The Rules of the Playground
Six mothers of middle-school children come together for a special training on playground violence. Focusing on perfecting the rules of the playground to eliminate inequality, the women, literally, turn a blind eye to the real cause of violence. A chilling interrogation into the ways women teach each other to enable male violence.

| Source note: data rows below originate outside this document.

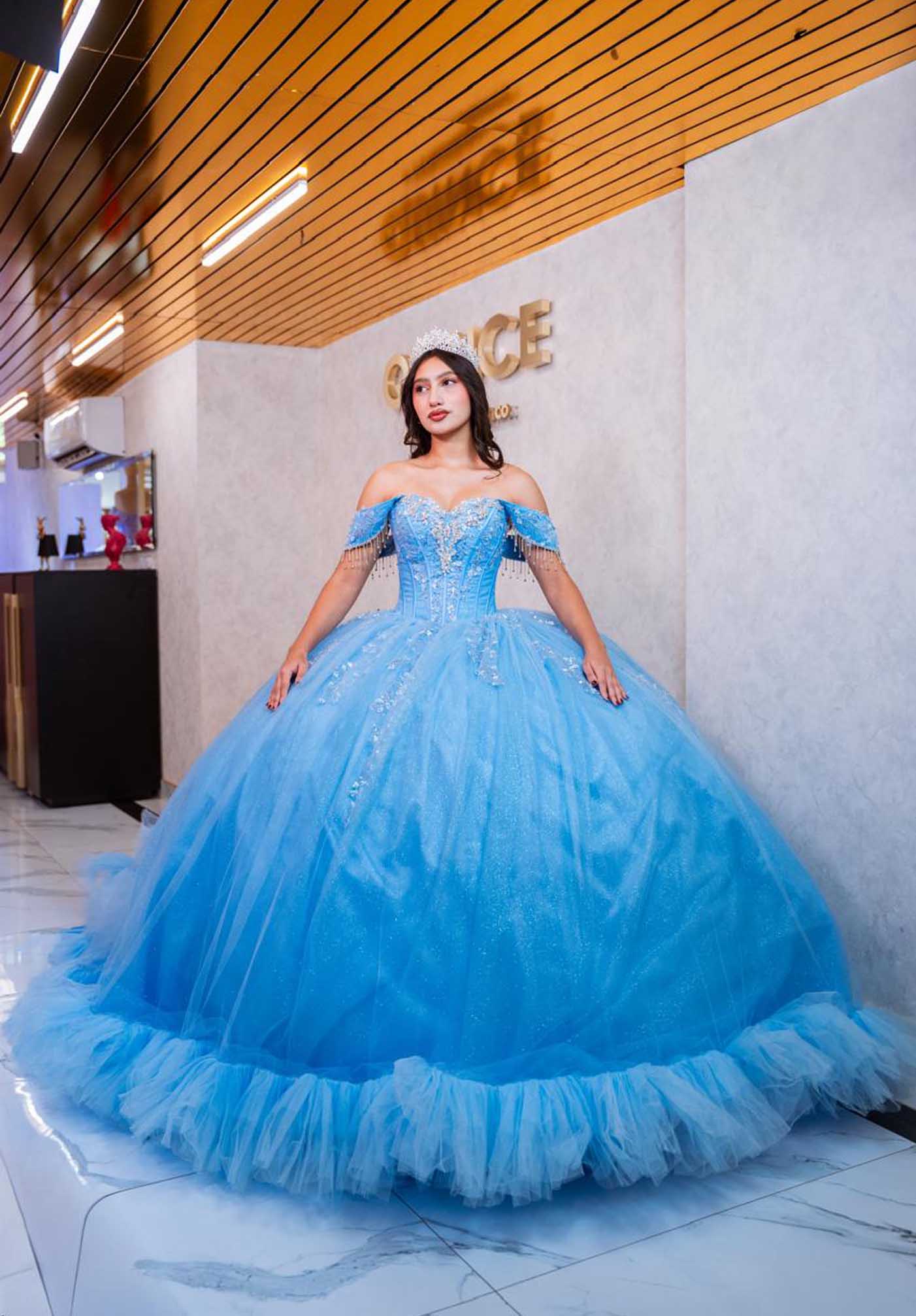 Mi Vestido Blanco - Vestido de Quince Años Azul con Falda ultra esponjada en Tul con Brillo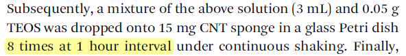 如图,标黄的8 times at 1 hour interval怎么理解? 是上述3ml溶液和0.05gTEOS的混合物在一小时内分八次加入?还是每隔一个小时加一次,一共加八次,每次都是加上述3ml溶液和0.05gTEOS的混合物? 搞不明白,请大神帮忙看看,做实验难啊,请帮忙看看,谢谢 微信截图_20200709215836.png |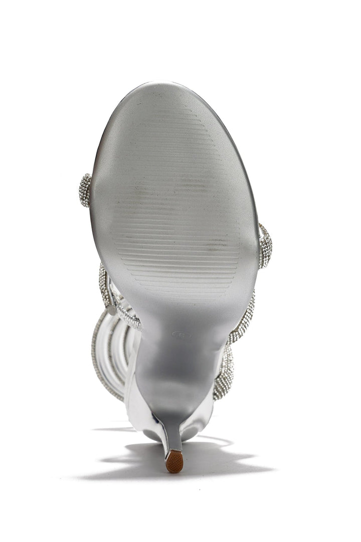 DYANA - SILVER - HEELS by CAPE ROBBIN Stiletto Heel: 4 inch Wraparound strappy heel PU leather insole with memory foam cushioning for added comfort Sparkling rhinestone-encrusted straps Round toe \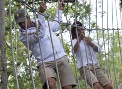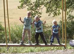 Vi har byggt en hinderbana i skogen som består av ett antal aktiviteter i olika svårighetsgrad. Banan är byggd i en fantastisk skogsdunge där du och din familj, dina vänner eller ditt företag inte bara får spänning och aktivitet utan också en naturupplevelse. För de minsta har vi byggt några kojor och älgar att klättra på och vi vill gärna ha hjälp att bygga fler kojor i skogen… För de äldre barnen och vuxna finns det även en parallellbana som ni kan utmana varandra på.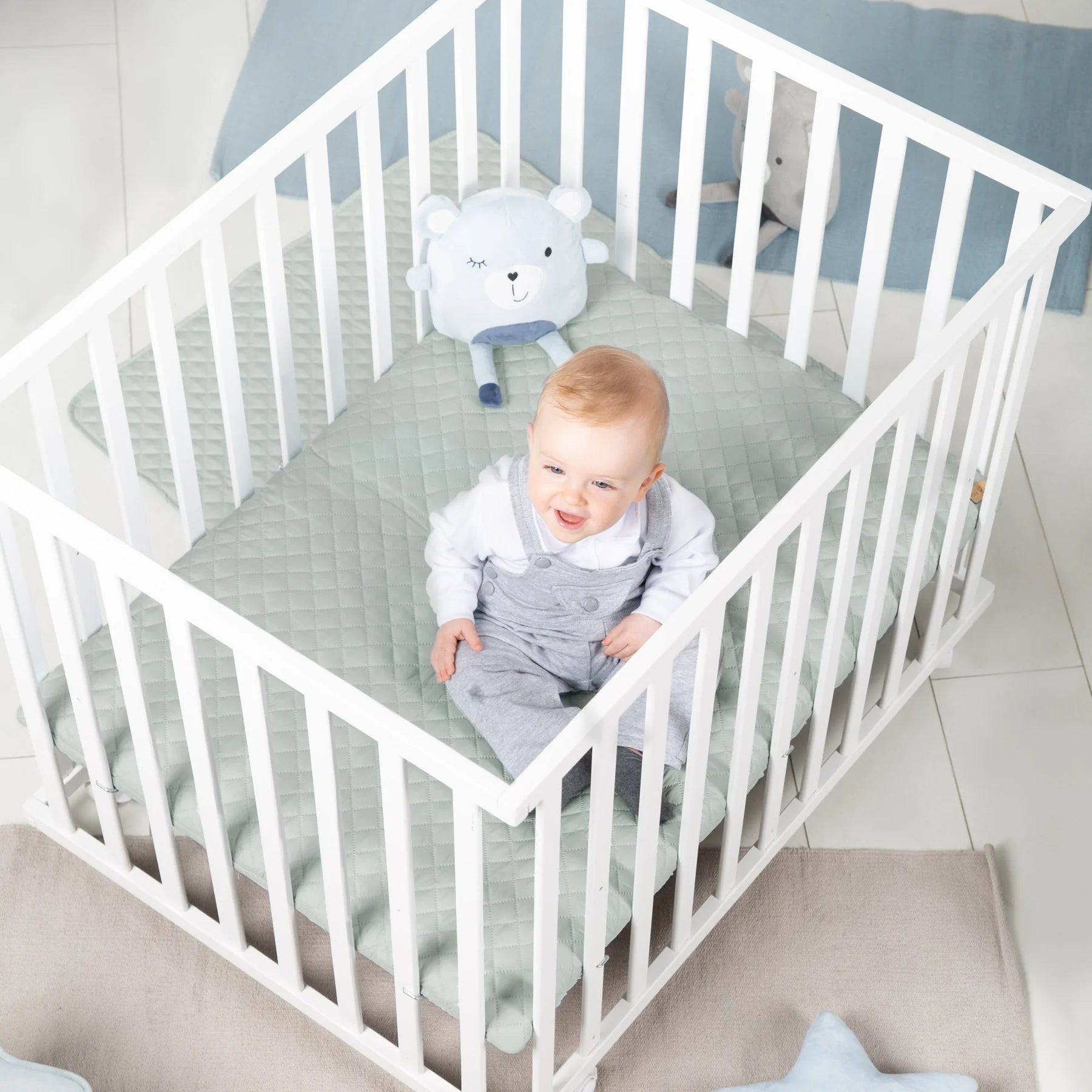 Das roba Laufgitter ist bis zu 15 kg belastbar und bietet eine stabile Spielfläche von 75 x 100 cm und ist mit einer weich gepolsterten, gesteppten hellgrünen Stoffeinlage ausgestattet.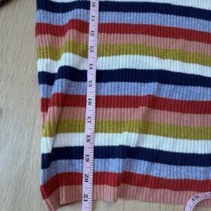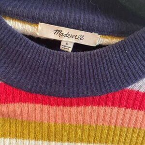 Madewell small multi colored striped sweater is a stylish and versatile addition to any woman's wardrobe. Featuring a colorful striped pattern with a crew neck and long sleeves, this tight-knit sweater is made from a wool blend material for comfort and warmth. With a regular fit and pullover style, this sweater is lightweight, stretchy, and breathable, making it perfect for all seasons. Machine washable and in a size small, this Madewell sweater is a fashionable choice for any occasion.

St. Frances and the Fallen Angels
This is a play about Frances Perkins, the Secretary of Labor under FDR, and her superhuman achievement of the Social Security Act of 1935. It is a story about two women in love, about the ghosts of the Triangle Shirtwaist Fire, and a true Christmas miracle. This is a play about social justice work: the price and the promise.
Souvenirs from Eden
The ghost of lesbian poet Renée Vivien returns to a pivotal memory from the summer of 1900, when she was in Bar Harbor (“Eden”), Maine, with her lover Natalie Barney. She wrestles with scenarios of traumatic memories in an attempt to find closure.
Starpattern
A play about two extraordinarily courageous young women who survived the 1966 mass shooting on the University of Texas at Austin. Claire Wilson, one of the first victims, lay wounded on the South Mall, unable to be rescued while the sniper was still active. Rita Starpattern ran out, at tremendous risk, lay down next to her, and engaged her in a conversation that kept her conscious and alive for over an hour.
‘Til the Fat Lady Sings
A play with music for two women in one-act. A fat woman in her 20’s is in the hospital awaiting surgery for a gastric bypass operation she believes necessary for her dream of singing opera professionally. Her partner is against the surgery, and as the patient goes under sedation, she finds herself and her partner in a series of bizarre dreams where her situation incorporates elements of operas by Wagner, Gluck, Verdi, Mozart, and Puccini.
Valerie Solanas At Matteawan
Two activists visit the notorious lesbian who shot Andy Warhol during her incarceration at the Matteawan State Hospital for the Criminally Insane. They want to recruit her as a spokeswoman, but Valerie has other ideas.